Simultaneous quantitation of hydrolyzed intermediates of MP, including five MPS-peptidyl intermediates, and MP and MPS required for stability and release studies was challenging. Previously, we reported a method for the simultaneous measurement of MP and MPS,25 which could not be adapted to separate all seven analytes of interest in the current study. Because of the succinyl moiety, the retention times of MPS and all the MPS-peptidyl intermediates are sensitive to both the organic modifier and pH of the mobile phase, whereas the retention time of MP is pH-independent. We took advantage of these characteristics to resolve all seven analytes of interest within a run time of <50 min (Fig. 1).
The hydrolysis of DMP conjugates in pH 7.4 buffer at 37°C to release only MP and intact MPS-peptide linker (Fig. 3) indicates chemical hydrolysis of the two ester bonds in the structure of the conjugates (Scheme 1).
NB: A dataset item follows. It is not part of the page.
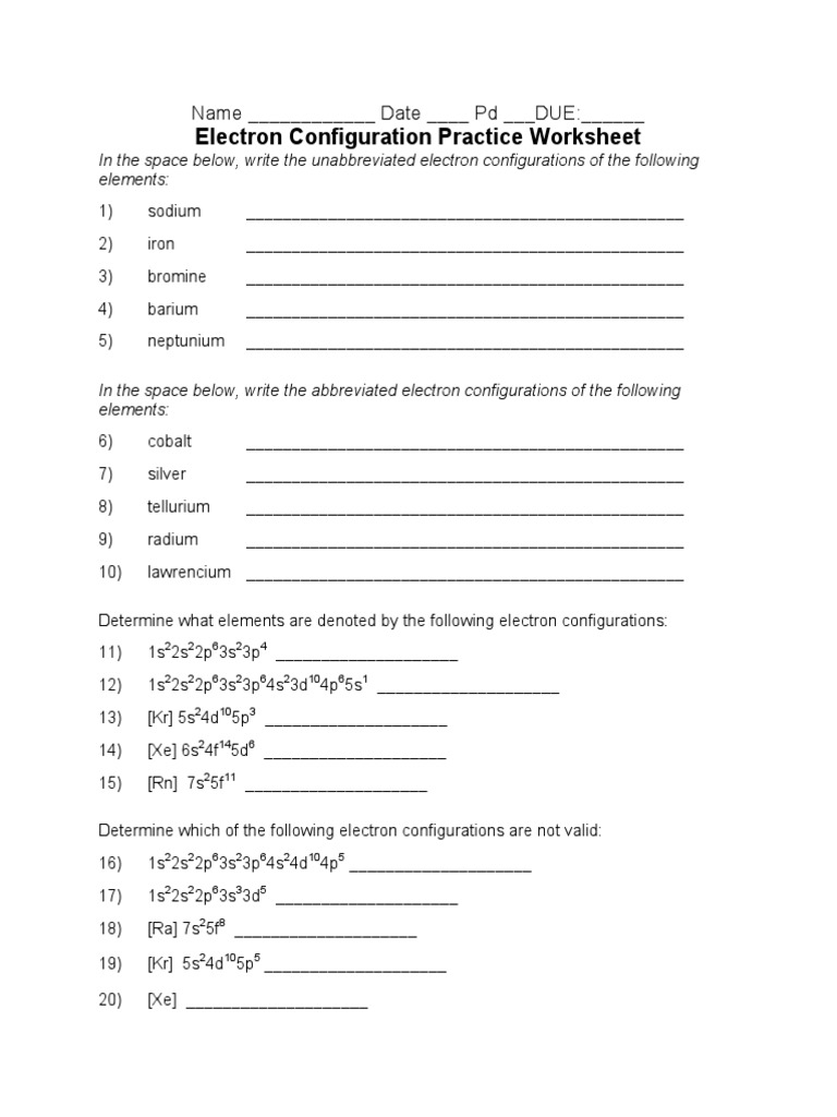 Electron Configuration Practice Worksheet

Whereas hydrolysis of the ester bond between dextran hydroxyl groups and the C-terminal of the linker amino acid would result in the release of intact MPS-peptide linker, hydrolysis of the ester bond between MP and succinic acid would yield free MP. Free MP may also be released indirectly from the regenerated MPS-peptide linker. The linker length-dependent degradation half life of conjugates at pH 7.4 (Fig. 2, Table 3) suggests that the ester bonds in the conjugates with longer linkers are more prone to hydrolysis, probably due to the electronic effect of the linker. Longer linkers have more electron withdrawing groups because of the presence of multiple amide bonds. Therefore, it is possible that the ester moieties of the conjugates with longer linkers become more polarized with the presence of partially positive and negative charges on the carbon and oxygen, respectively, rendering them more susceptible to nucleophilic attack by water.
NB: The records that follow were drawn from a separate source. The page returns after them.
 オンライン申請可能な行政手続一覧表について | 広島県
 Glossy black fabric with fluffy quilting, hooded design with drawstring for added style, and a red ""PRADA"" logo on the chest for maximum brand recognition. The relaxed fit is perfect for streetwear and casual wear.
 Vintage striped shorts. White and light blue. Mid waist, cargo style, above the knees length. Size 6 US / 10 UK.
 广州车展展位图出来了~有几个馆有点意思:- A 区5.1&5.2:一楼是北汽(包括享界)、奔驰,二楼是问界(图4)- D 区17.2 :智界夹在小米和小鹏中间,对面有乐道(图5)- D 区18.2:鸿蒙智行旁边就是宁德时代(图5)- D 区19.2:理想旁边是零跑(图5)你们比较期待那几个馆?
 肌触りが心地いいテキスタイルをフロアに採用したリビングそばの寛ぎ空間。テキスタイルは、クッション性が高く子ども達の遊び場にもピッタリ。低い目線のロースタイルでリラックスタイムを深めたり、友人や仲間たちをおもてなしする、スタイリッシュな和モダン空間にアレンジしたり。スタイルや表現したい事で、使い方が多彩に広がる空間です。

It is commonly assumed that the degradation of prodrugs may be faster in blood, compared with pH 7.4 buffers, due to the presence of enzymes. However, in our case, we did not make such an assumption because of two reasons. First, proteases responsible for degradation of similar peptide linkers of other prodrugs are shown to be present in tissue lysosomes with an optimal pH of ~4.16 Furthermore, previous works on dextran-methylprednisolone succinate conjugates9,10 showed that esterases in blood could not release MP from its dextran conjugate. Therefore, we anticipated similar degradation kinetics in the pH 7.4 buffer and blood for our newly-synthesized conjugates. Although the degradation half life values of the conjugates with mGG, mGGGG, and mGGGGG were similar in the pH 7.4 buffer and blood, those of the conjugates with mG and mGGG linkers showed longer half lives in blood (Table 3). The mechanisms responsible for the apparent increased stability of MPS-mG-Dex and MPS-mGGG-Dex in blood are not known, although minor differences in the actual pH of the two media during the experiments may have been a contributing factor. Nevertheless, similar to the degradation data in the pH 7.4 buffer, the degradation of the conjugates in blood was affected by the length of the linker (Fig. 4). Overall, hydrolysis kinetics of most of the studied DMP conjugates in blood (Table 3) are slow enough to allow substantial hepatic accumulation of the intact conjugates after their in vivo administration.
It is generally believed that dextran conjugates enter cells via endocytosis, ultimately arriving in the lysosomal compartment of the cell.26,27 Therefore, it is necessary to study the fate of dextran conjugates in the presence of lysosomal enzymes. In vitro incubation of the conjugates with a crude lysosomal fraction obtained from rats resulted in degradation of the conjugate, releasing all the possible intermediates (Fig. 7). The dependency of the release rate on the length of the peptide, observed in our studies (Fig. 7f), is in agreement with previous studies14–16,28 using peptides as linkers for conjugation of macromolecular carriers to drugs, such as anticancer agents. For example, Harada et al.16 attached T-0128, a camptothecin analogue, to carboxymethyl-dextran using peptides with various peptide linkers. In agreement with the results presented here (Fig. 7), these authors showed that both in vitro release in the presence of lysosomal fractions and in vivo release in tumors and livers of tumor-bearing rats increased with lengthening the Gly chain. Therefore, using the conjugates developed in our studies containing different lengths of Gly-chain linker, the rate of release of MP in vivo may be controlled and an optimum linker selected in future in vivo studies.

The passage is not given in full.